*Task*: Below are records with pictures. Reproduce exactly the lines from the line with "Sebagai wujud kepedulian" to the line with "Khay mứt tết", inclusive, and leave each picture out.

*Stored data*:
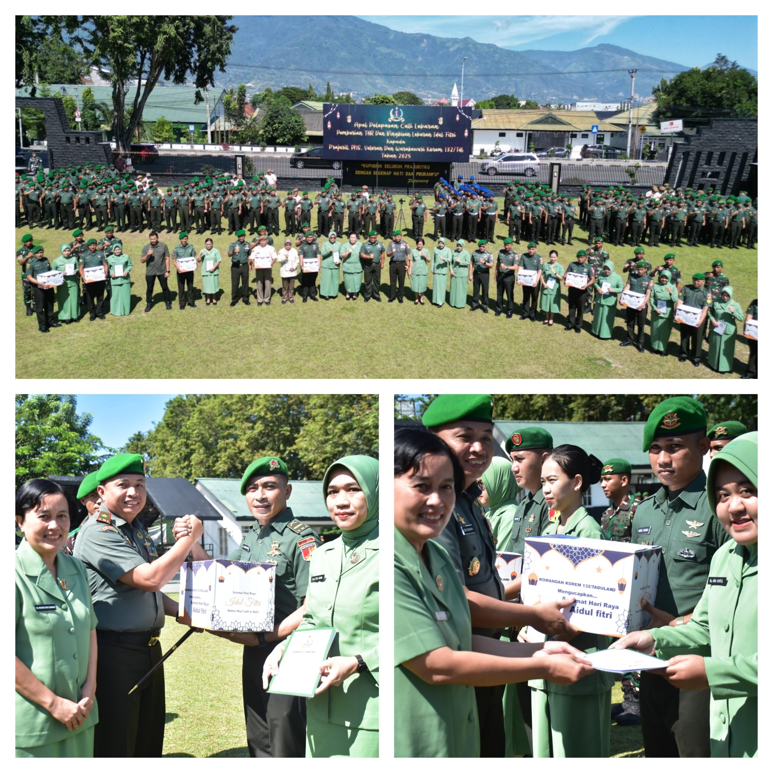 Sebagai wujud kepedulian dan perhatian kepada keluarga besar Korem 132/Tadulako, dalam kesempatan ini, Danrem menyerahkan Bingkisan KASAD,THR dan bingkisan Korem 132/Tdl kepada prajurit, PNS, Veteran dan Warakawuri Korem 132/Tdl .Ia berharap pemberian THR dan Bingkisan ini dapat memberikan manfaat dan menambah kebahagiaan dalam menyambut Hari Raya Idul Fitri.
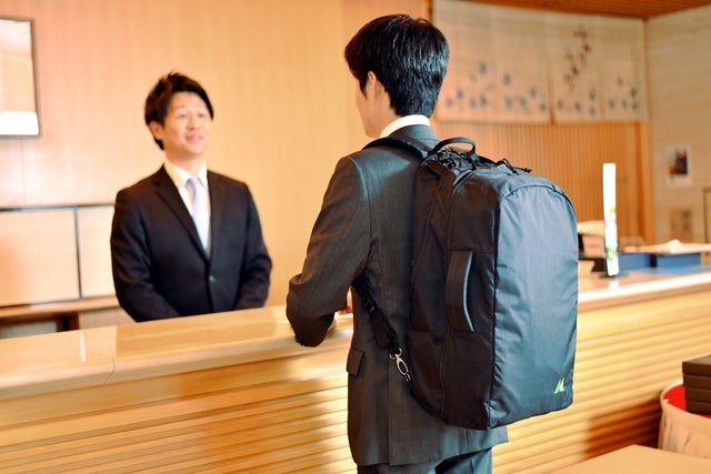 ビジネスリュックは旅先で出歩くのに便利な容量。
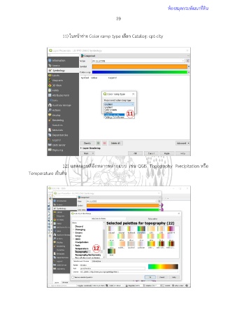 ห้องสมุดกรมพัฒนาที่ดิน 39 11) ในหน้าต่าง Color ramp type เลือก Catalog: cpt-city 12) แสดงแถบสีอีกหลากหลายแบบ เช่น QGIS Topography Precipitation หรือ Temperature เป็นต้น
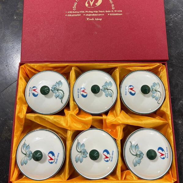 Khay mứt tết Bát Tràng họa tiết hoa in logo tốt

...

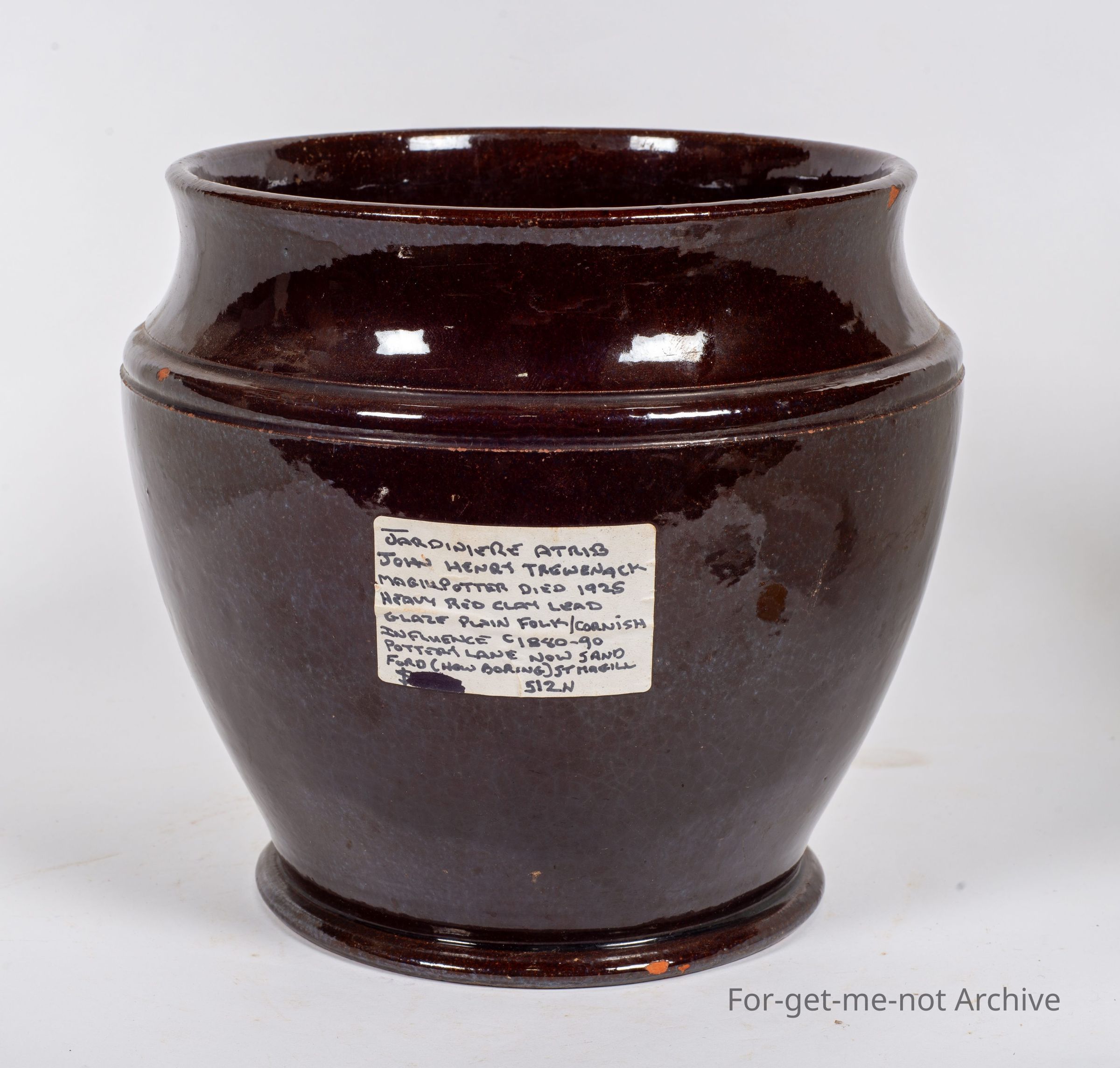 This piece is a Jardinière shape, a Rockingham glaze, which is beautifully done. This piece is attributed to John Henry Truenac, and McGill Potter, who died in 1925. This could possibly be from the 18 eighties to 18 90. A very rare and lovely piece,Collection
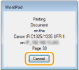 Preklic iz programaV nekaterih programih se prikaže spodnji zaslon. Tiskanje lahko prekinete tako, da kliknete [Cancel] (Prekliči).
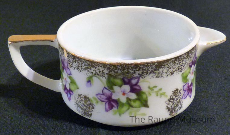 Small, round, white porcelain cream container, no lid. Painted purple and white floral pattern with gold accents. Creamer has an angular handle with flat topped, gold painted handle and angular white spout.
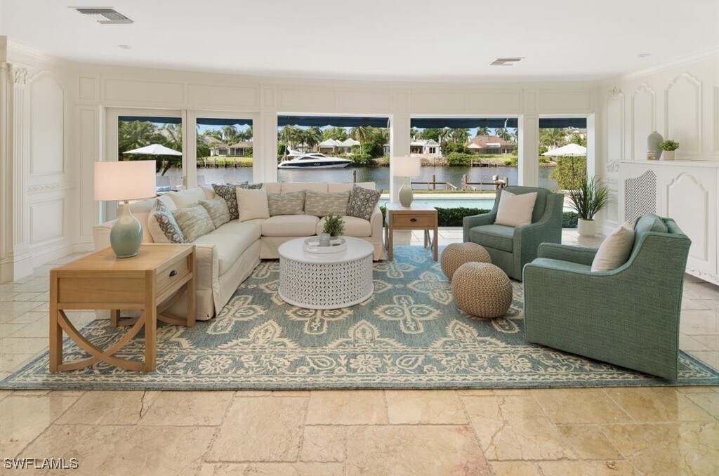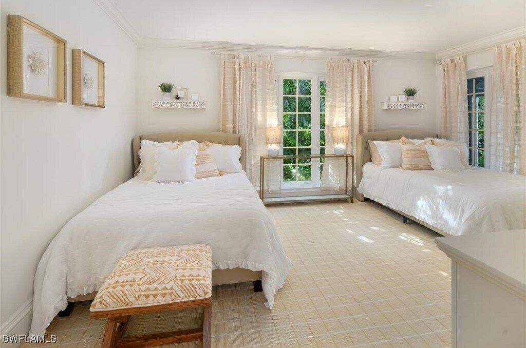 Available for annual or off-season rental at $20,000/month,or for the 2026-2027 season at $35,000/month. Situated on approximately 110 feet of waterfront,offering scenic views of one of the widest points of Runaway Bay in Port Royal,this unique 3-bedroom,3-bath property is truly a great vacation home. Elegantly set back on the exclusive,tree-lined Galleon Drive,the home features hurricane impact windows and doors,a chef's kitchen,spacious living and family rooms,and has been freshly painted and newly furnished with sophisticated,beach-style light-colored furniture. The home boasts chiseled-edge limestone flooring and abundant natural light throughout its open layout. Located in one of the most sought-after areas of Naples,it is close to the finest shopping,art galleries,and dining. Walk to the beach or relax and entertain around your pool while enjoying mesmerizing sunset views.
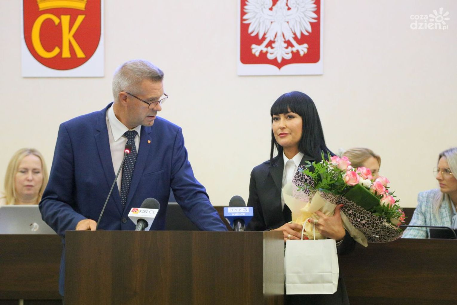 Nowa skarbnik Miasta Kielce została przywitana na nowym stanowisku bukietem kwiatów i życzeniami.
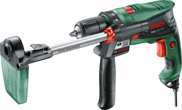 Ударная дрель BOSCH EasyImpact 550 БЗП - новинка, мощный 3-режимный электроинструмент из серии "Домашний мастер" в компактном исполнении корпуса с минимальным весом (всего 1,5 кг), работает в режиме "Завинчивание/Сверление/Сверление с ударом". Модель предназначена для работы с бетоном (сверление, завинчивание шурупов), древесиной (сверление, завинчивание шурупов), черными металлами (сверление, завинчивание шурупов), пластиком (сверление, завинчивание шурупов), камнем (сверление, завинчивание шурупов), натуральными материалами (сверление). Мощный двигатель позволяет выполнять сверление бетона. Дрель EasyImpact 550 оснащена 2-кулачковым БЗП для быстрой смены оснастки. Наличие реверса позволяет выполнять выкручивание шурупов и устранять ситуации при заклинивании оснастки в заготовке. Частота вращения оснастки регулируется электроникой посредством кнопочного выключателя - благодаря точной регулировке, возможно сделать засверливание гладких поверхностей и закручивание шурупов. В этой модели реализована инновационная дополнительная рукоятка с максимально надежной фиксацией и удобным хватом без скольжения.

---

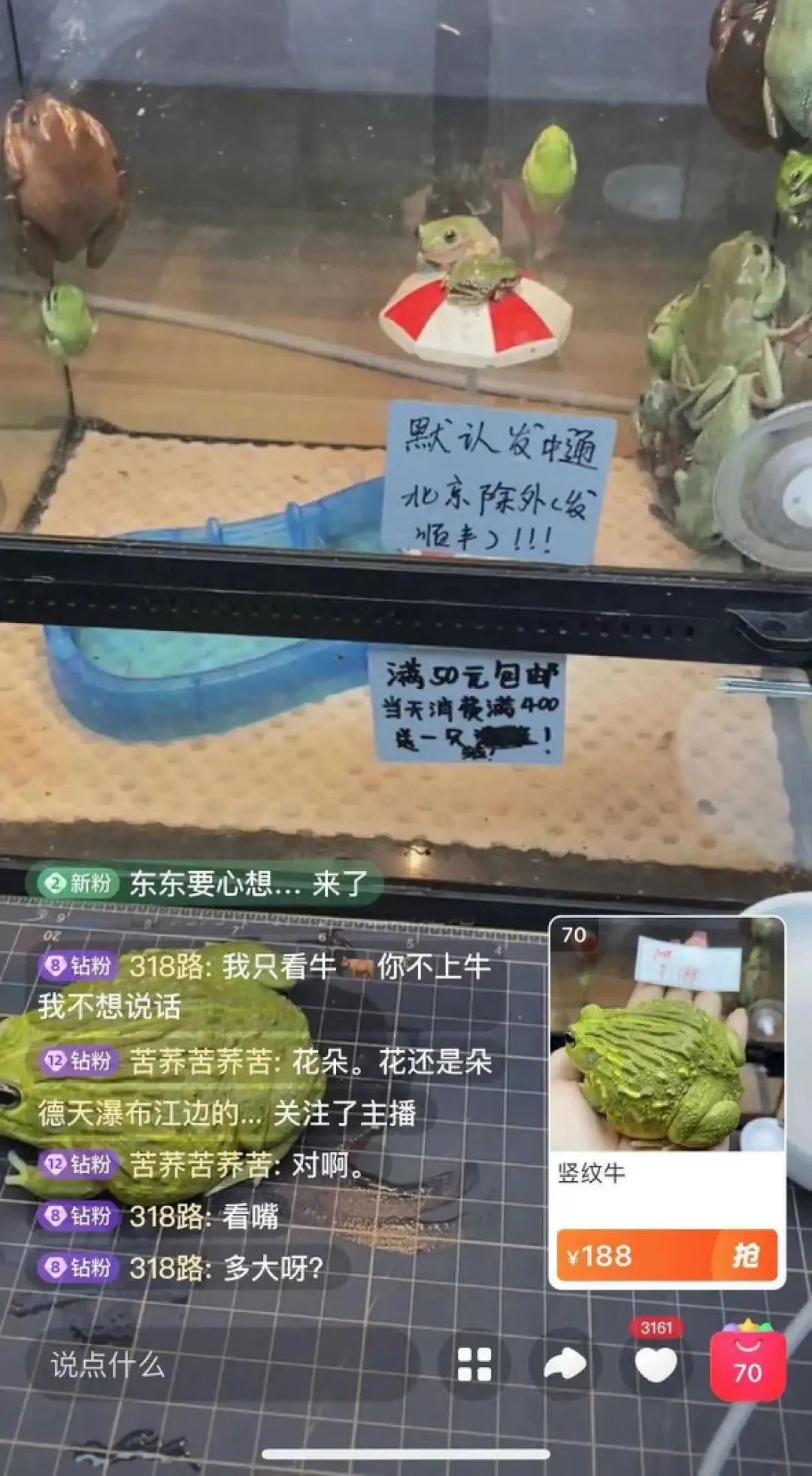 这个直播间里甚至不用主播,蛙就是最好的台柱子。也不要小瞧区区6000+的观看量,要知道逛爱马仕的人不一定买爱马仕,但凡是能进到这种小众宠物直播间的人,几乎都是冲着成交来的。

*Result for this task*:
 Sebagai wujud kepedulian dan perhatian kepada keluarga besar Korem 132/Tadulako, dalam kesempatan ini, Danrem menyerahkan Bingkisan KASAD,THR dan bingkisan Korem 132/Tdl kepada prajurit, PNS, Veteran dan Warakawuri Korem 132/Tdl .Ia berharap pemberian THR dan Bingkisan ini dapat memberikan manfaat dan menambah kebahagiaan dalam menyambut Hari Raya Idul Fitri.
 ビジネスリュックは旅先で出歩くのに便利な容量。
 ห้องสมุดกรมพัฒนาที่ดิน 39 11) ในหน้าต่าง Color ramp type เลือก Catalog: cpt-city 12) แสดงแถบสีอีกหลากหลายแบบ เช่น QGIS Topography Precipitation หรือ Temperature เป็นต้น
 Khay mứt tết Bát Tràng họa tiết hoa in logo tốt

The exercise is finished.